Need for Independent Integrity Commission
Posted September 12, 2018
Absence of evidence is not evidence of absence - Cathy has called on the government to to take steps towards strengthening the integrity of our institutions.
Ms McGOWAN (Indi) (16:08): I'd like to begin my speech by seeking permission to table these reports mentioned by my colleague the member for Mayo.
Ms McGOWAN: Thank you very much. I welcome the comments from my colleague and neighbour the member for Murray and absolutely agree with him about the importance of having a national integrity commission to do all the things and address all the issues that need to be done. Like him, I'm a great believer in having fair, open and transparent government. An independent integrity commission is, in my opinion, a really important part of that. In my speech I'll outline what we do to seriously consider an overarching integrity and anticorruption commission and why it matters in my community, and I put a call out to the government to take steps towards strengthening the integrity of all our institutions.

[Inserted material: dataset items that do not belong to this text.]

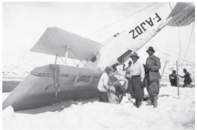
L'avion de Guillaumet accidenté dans la cordillère des Andes, à 3500 mètres d'altitude. Il marchera seul durant 5 jours avant d'être recueilli vivant par des bergers.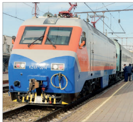
ТЕМІРЖОЛ БИЛЕТІ НЕГЕ ТАПШЫ?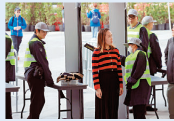
●入場人士經過安檢。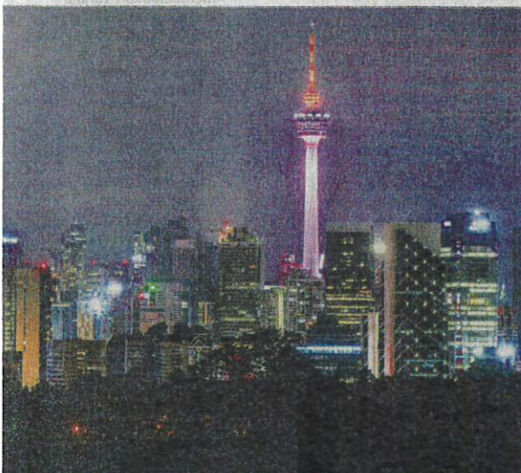
Adakah vaksin diambil sudah kurang berkesan dalam melindungi

influenza dan tibi yang masih kekal di sekeliling kita sehingga ke hari ini," katanya.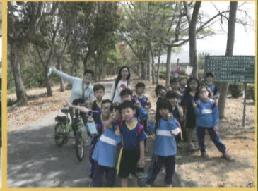
老公堀圳休閒步道景色優美，讓人心曠神怡。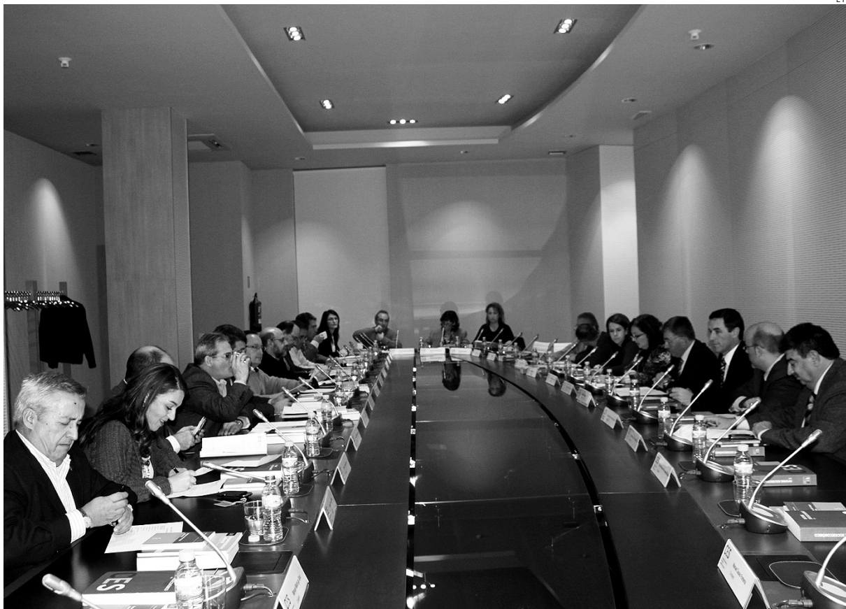
Última reunión del pleno del Consejo Económico y Social de Castilla-La Mancha.

Aunque se reconoce que el endeudamiento neto contemplado en el Proyecto de Presupuestos se reduce en un 57,73% respecto al ejercicio anterior, el Consejo quiere resaltar la necesidad de que la Administración regional sea especialmente cuidadosa con las condiciones financieras de estas operaciones, teniendo en cuenta que las circunstancias actuales de los mercados no son tan favorables como las existentes en el pasado reciente.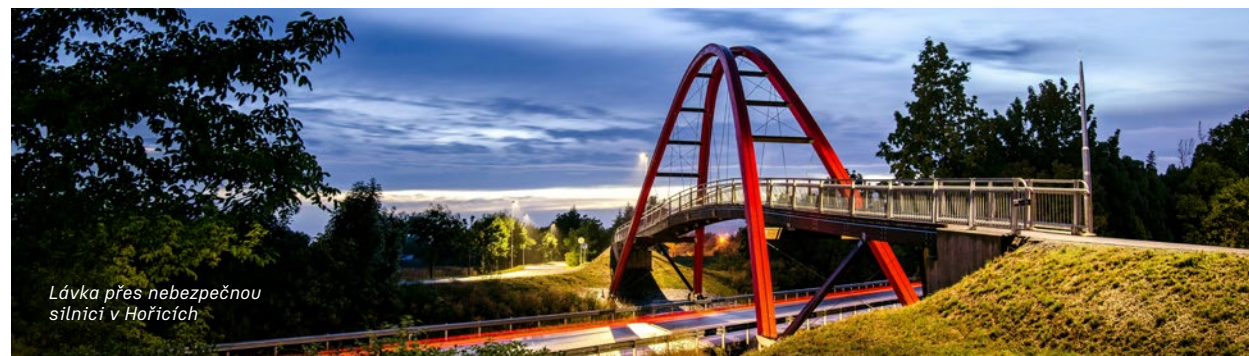
Lávka přes nebezpečnou silnici v Hořicích

One of the key principles, colleagues, that I use in this place when I'm making decisions and voting is: will it bring good governance? With that background, I don't do deals, and I don't do deals in exchange for confidence or supply, because that's not good governance. I fiercely hold on to my right to vote on every bit of legislation on its merits. The trust and faith of my electorate in this House and the work we do relies on my community trusting and having good faith in the integrity of our system.
I support a process where we regularly reassess and strengthen the system of integrity and anticorruption in this country.

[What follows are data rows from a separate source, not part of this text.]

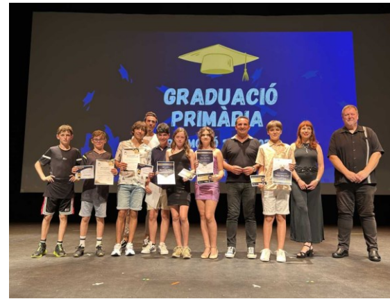
GRADUACIONS INFANTIL I PRIMÀRIA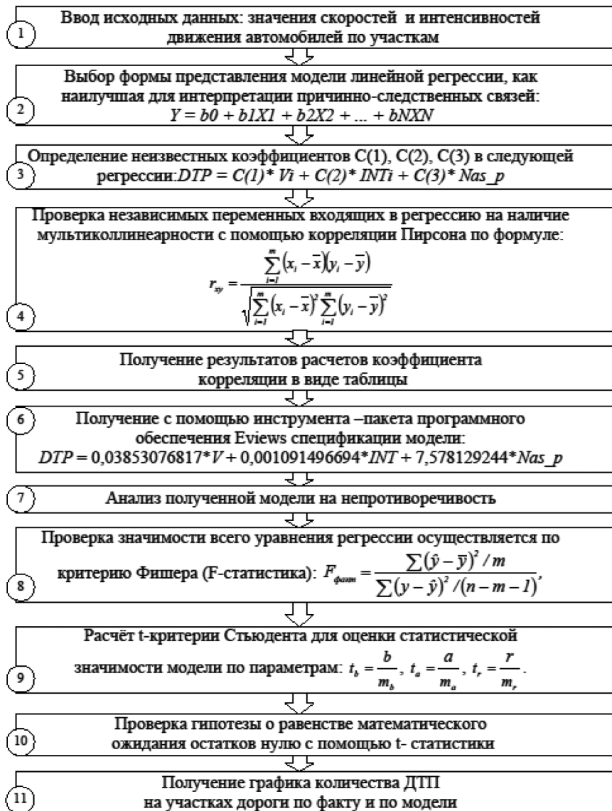
Рисунок 1 – Оперативная блок-схема (алгоритм) решения задачи влияния скорости и интенсивности движения на количество ДТП на автодороге Бишкек–Ош

анализа факторами, совместно воздействующими на общий результат, которая затрудняет оценивание регрессионных параметров. Коэффициент корреляции Пирсона характеризует существование линейной зависимости между двумя величинами и рассчитывается по формуле [2]: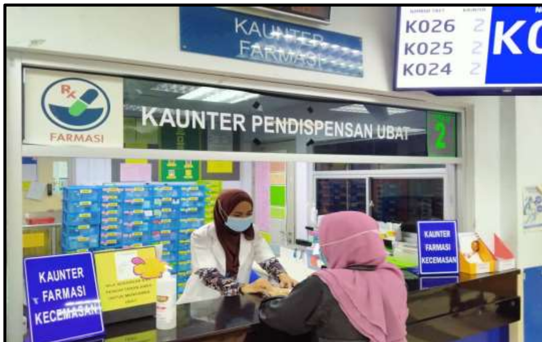
Kaunter pendispensan ubat

So why do we need an integrity commission? At the very least, we need a commission to provide coordination and oversight of the many anticorruption efforts of integrity agencies at the Commonwealth level and to link into the work of the state and territory jurisdictions. A federal commission will be in a position to fill the gaps in our current system, to ensure there are investigative powers and to expose corrupt conduct in the federal government and the public sector. We have seen that every state in Australia now has an anticorruption commission that operates alongside other state integrity agencies. They have uncovered many examples of systemic corruption and misconduct that were not found by existing agencies. So I can't be convinced that there's nothing to see here at the Commonwealth level. We only have to look at the impact of the royal commission into the banking sector to see the potential for misconduct to be exposed even when there are existing systems and regulators with oversight. I say let the sun shine in.
When compared with state governments, the federal government falls short. No agency can investigate alleged misconduct of members of parliament, ministers or the judiciary. The agencies which do have strong investigative powers such as the Federal Police can only use them when investigating criminal charges, and no agency holds regular public hearings. This means corruption and misconduct are not properly exposed to the public and the only avenue for public hearings is through parliament, and this is controlled by the numbers and the major parties. So I think it's no accident today that it's been the independents and the crossbench that have brought on this MPI.
Why does it matter for my community? Corruption and misconduct not only undermine the integrity out of our democracy but have a direct impact on the everyday lives of all Australians. It undermines the delivery of government policy and the delivery of services to our communities.
Ultimately, we are all here at taxpayers' expense and we need to make sure the best interests of Australians are put first and foremost, so today I call upon the government. I call upon the government to take steps towards strengthening the integrity of all our institutions. If they're not willing to support the establishment of an independent integrity commissioner now, today, then tell us how they're going to go about establishing an integrity coordinator—someone or some organisation to work with existing integrity agencies to assess our systems of integrity and anticorruption to at least coordinate what we're already doing. This assessment would identify gaps. It would coordinate activities across government and interaction with the state commissions.
In bringing my remarks to a close, the absence of evidence is not evidence of absence.